Whether inside the walls of a house, in care institutions or residential communities, Sicilian news in recent years have repeatedly told stories – brutal – that speak of terrible and hidden violence. Different events in context and protagonists, but united by the same horror: abuse against people with disabilities, often young people, sometimes even minors. These are cases that emerge with difficulty, often after long silences, and which reveal the extreme vulnerability of those who live in conditions of fragility and dependence.
Among the best-known episodes is that of the Troina Oasis, in the Enna area, where during the 2020 lockdown a young woman with serious mental disabilities was the victim of sexual violence by a social and health worker. The discovery of the pregnancy triggered investigations, which culminated in arrests, trials and final convictions confirmed by the Supreme Court in 2023. Again in the province of Enna, another investigation was started in 2023 for alleged repeated violence against a girl with disabilities, with several suspects of different ages involved for events dating back to 2022. In Palermo, in December 2019, a doctor from an ASP facility was arrested for alleged sexual harassment against a paraplegic patient hosted at Villa delle Ginestre. Even before that, at the end of 2018, another story shook public opinion: a minor with a disability reported gang violence, leading in 2019 to the arrest and investigation of several young people between 16 and 18 years old.
This is violence, the result of double discrimination, which almost always remains hidden also because the attackers are often trusted figures: family members, partners, caregivers, healthcare workers. All circumstances that make this violence difficult to intercept due to the dependence that binds the fragile person to the support figure; due to the isolation of a life often lived in closed environments, institutions or family contexts that are not very open to the territory which reduces the possibility of asking for help.
And then perhaps the most unacceptable thing: the difficulty in telling and being believed. Because those who live with disabilities, especially cognitive ones, encounter obstacles in verbalizing abuse and a society that tends to infantilize or ignore the sexuality and rights of people with disabilities, amplifying the risk of unpunished violence.

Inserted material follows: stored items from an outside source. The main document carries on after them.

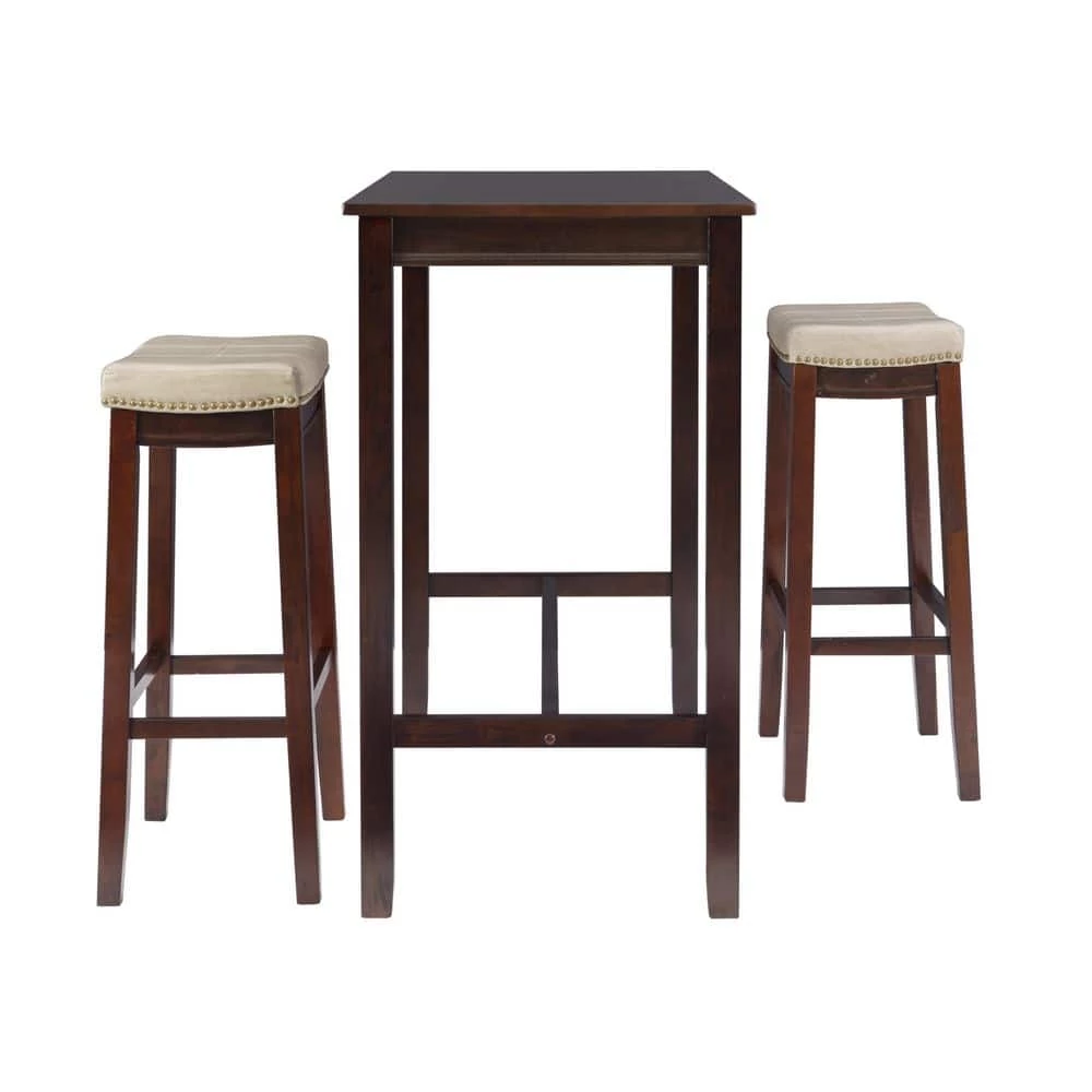 Whether you’re looking to seat a party of 2 for a quiet breakfast or accommodate a large group with extra seating options in your home, this Concord Brown and Beige 3-pieces Bar Set will help you do it in style. The tall wooden table features a beautiful veneer and a rich brown finish that exudes rustic charm. Two matching bar stools constructed of acacia wood are adorned in mottled beige upholstery for easy upkeep and enhanced comfort. Antiqued brass nail head trim adds a bohemian accent that is subtle, yet impactful when eyes land upon it.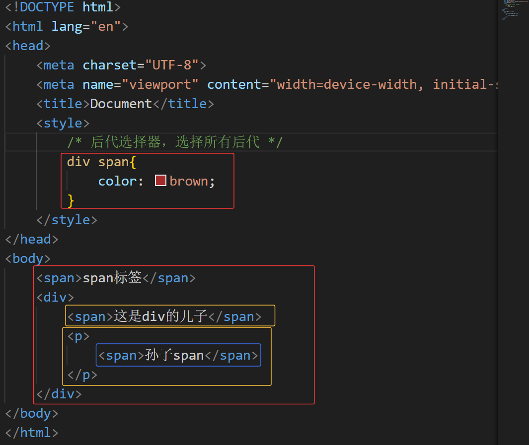 选择器写法:父选择器 子选择器{CSS属性},父子选择器之间用空格隔开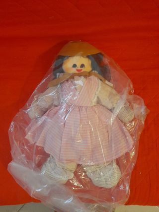 Bellissima bambola vintage, ideale per collezionisti o amanti del retrò. - Bambola di stoffa con vestito rosa a righe. - Cappellino marrone in feltro. - Ottime condizioni, come da foto. - Perfetta per arredare una cameretta o come pezzo da collezione.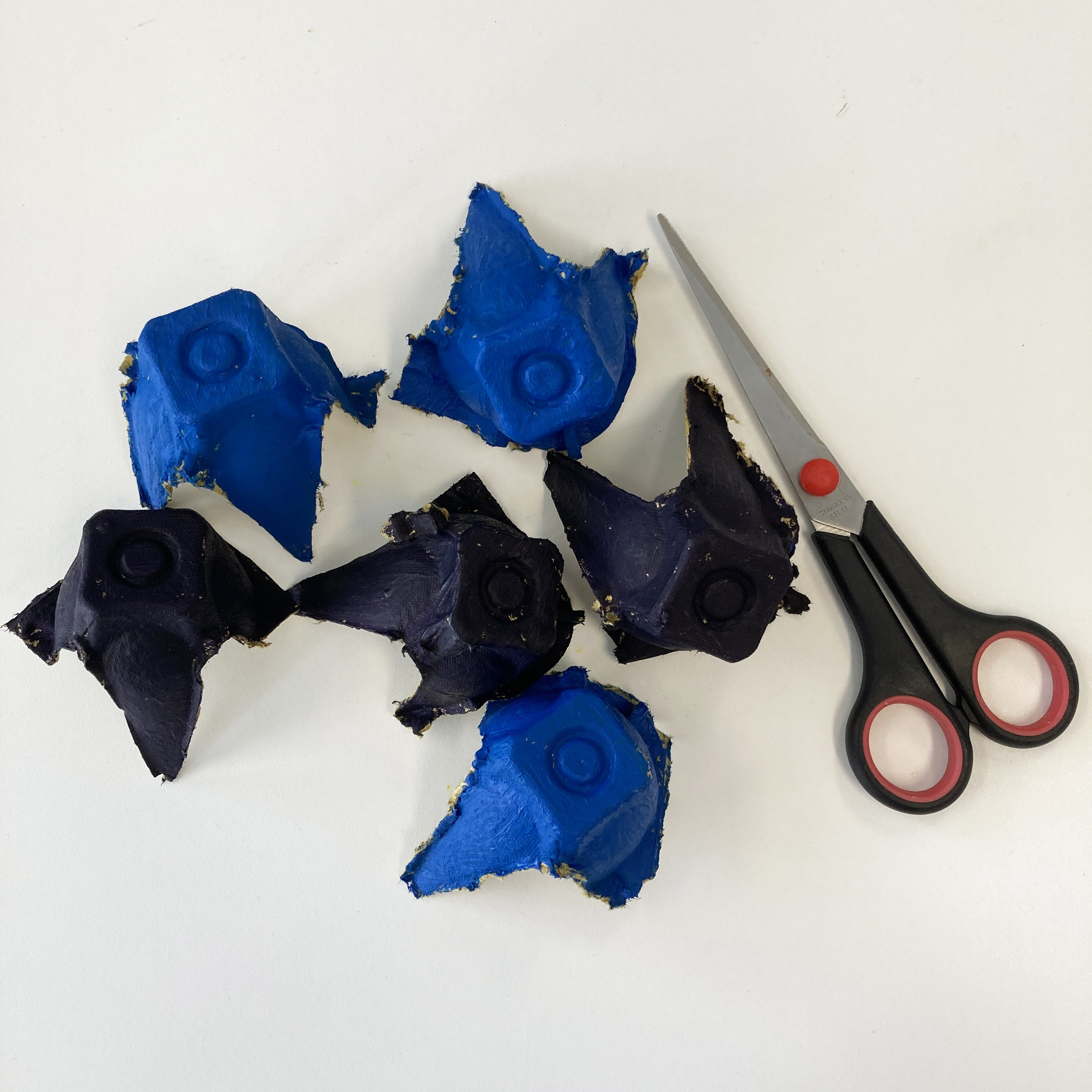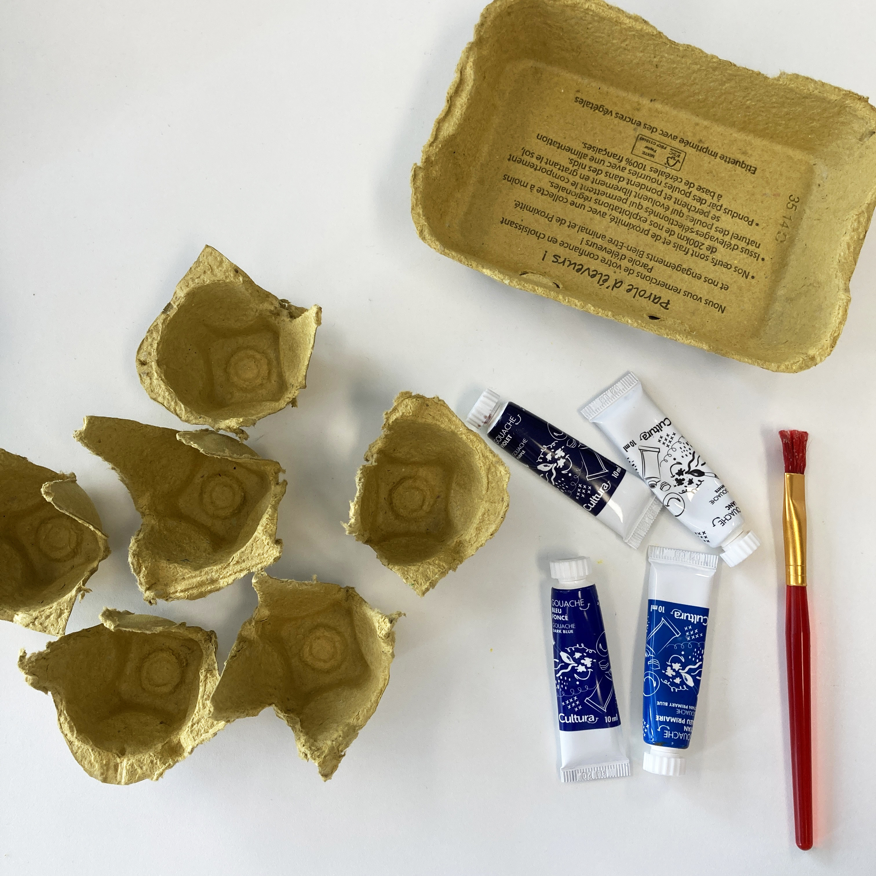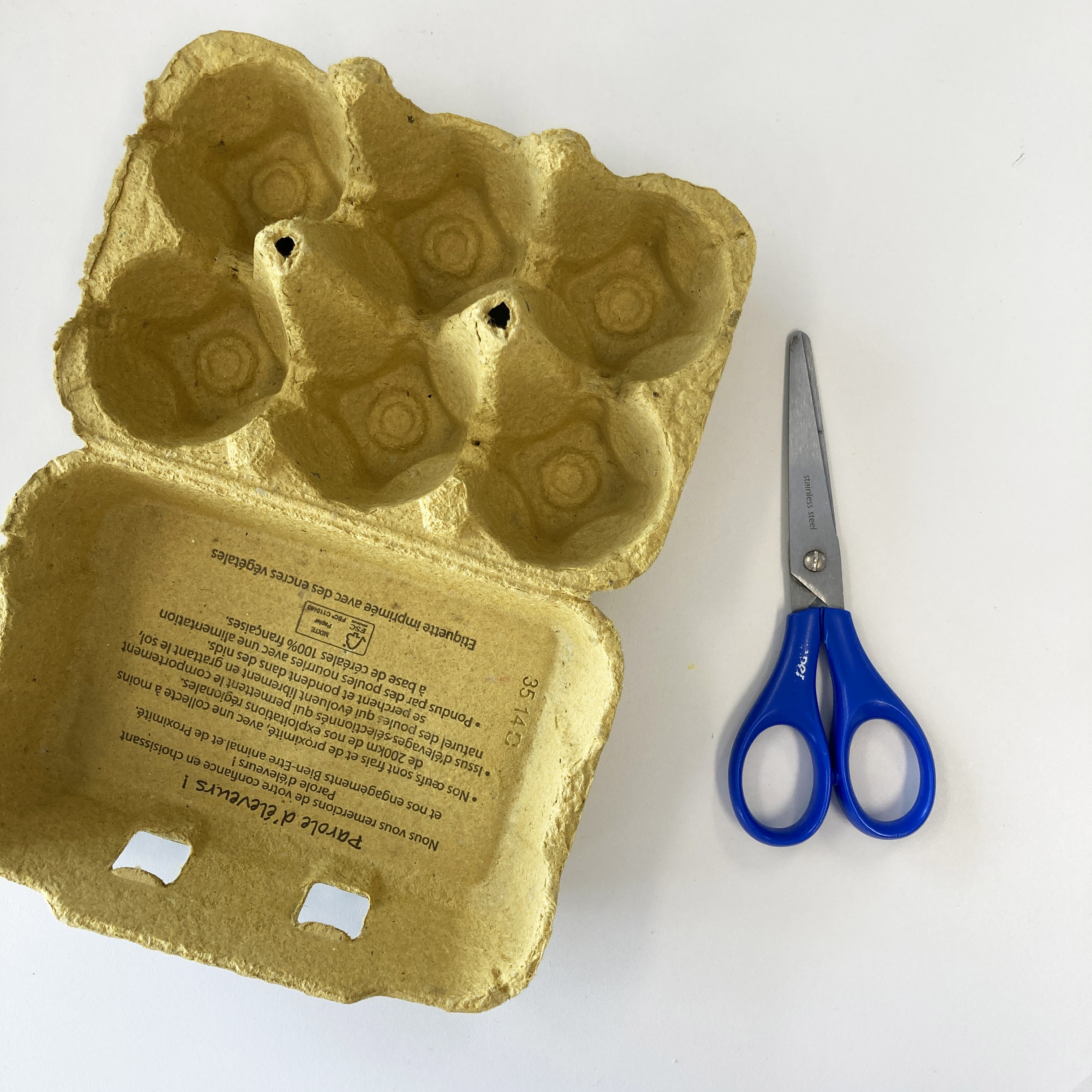 Découpe chaque alvéole de la boîte d’œufs avec des ciseaux. Fais toi aider d’un adulte si besoin.

Episodes that show a complex and painful picture, which requires answers: specific training of health and care personnel, truly accessible services, protected reporting procedures, and a cultural change that fully recognizes the rights, autonomy and dignity of people with disabilities.
For this reason in Messina, the Meter & Miles association launches an appeal to the institutions: to form a network for the creation of an anti-discrimination and anti-violence center, which will be a point of reference in the area to intercept what is hidden and support the victims. A first step to change a reality that too often takes place in silence, in the double brutality of violence against women with disabilities.